DATASET EXTRACT below:

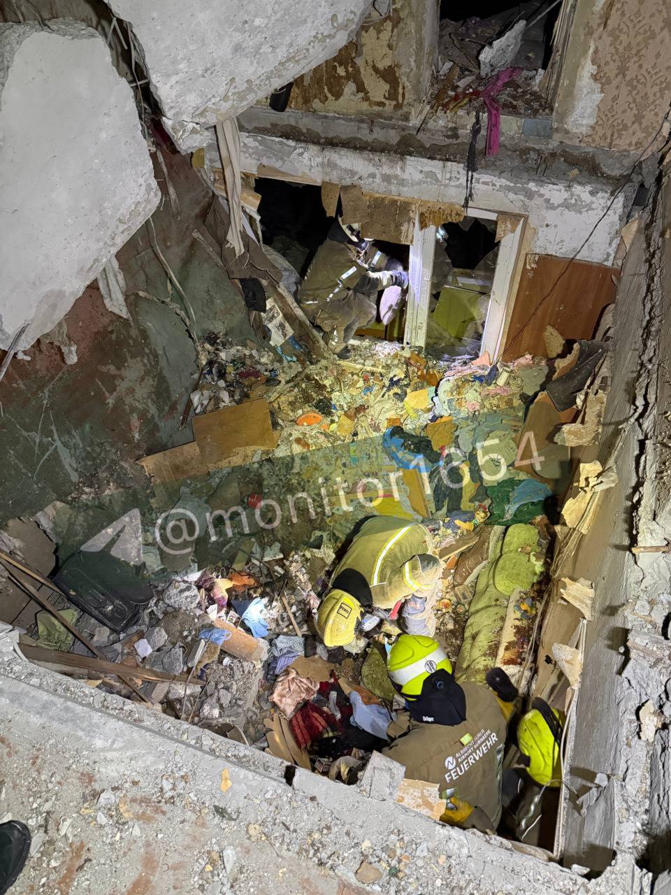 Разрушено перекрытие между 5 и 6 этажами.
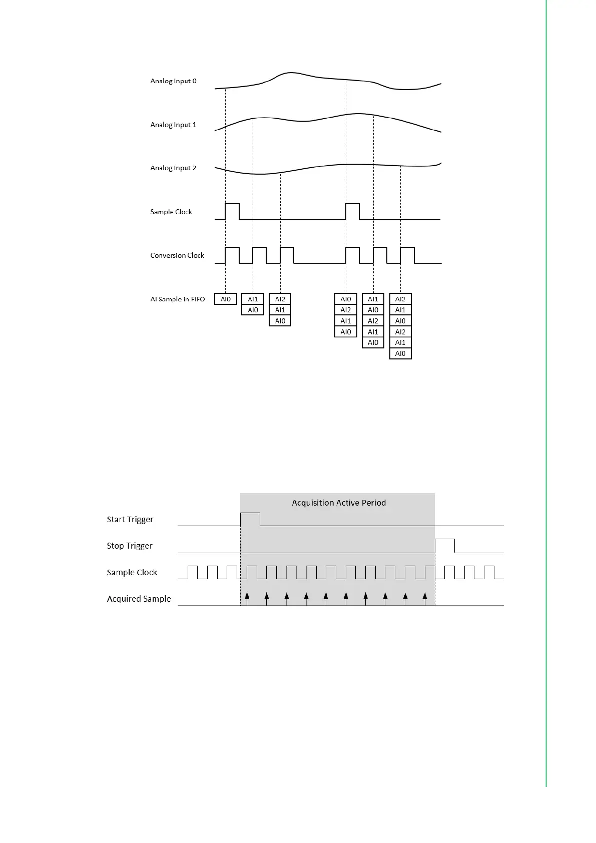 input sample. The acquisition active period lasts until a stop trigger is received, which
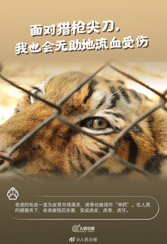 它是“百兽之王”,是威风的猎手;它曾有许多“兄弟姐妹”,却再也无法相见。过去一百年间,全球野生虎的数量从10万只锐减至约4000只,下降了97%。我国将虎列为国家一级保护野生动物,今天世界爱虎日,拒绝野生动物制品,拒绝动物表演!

End of DATASET EXTRACT.

→ WHAT NEEDS TO BE DONE
What is needed is the whole listing again, exactly as written, with the images left out.

→ REPLY TO THE EXERCISE
 Разрушено перекрытие между 5 и 6 этажами.
 input sample. The acquisition active period lasts until a stop trigger is received, which
 它是“百兽之王”,是威风的猎手;它曾有许多“兄弟姐妹”,却再也无法相见。过去一百年间,全球野生虎的数量从10万只锐减至约4000只,下降了97%。我国将虎列为国家一级保护野生动物,今天世界爱虎日,拒绝野生动物制品,拒绝动物表演!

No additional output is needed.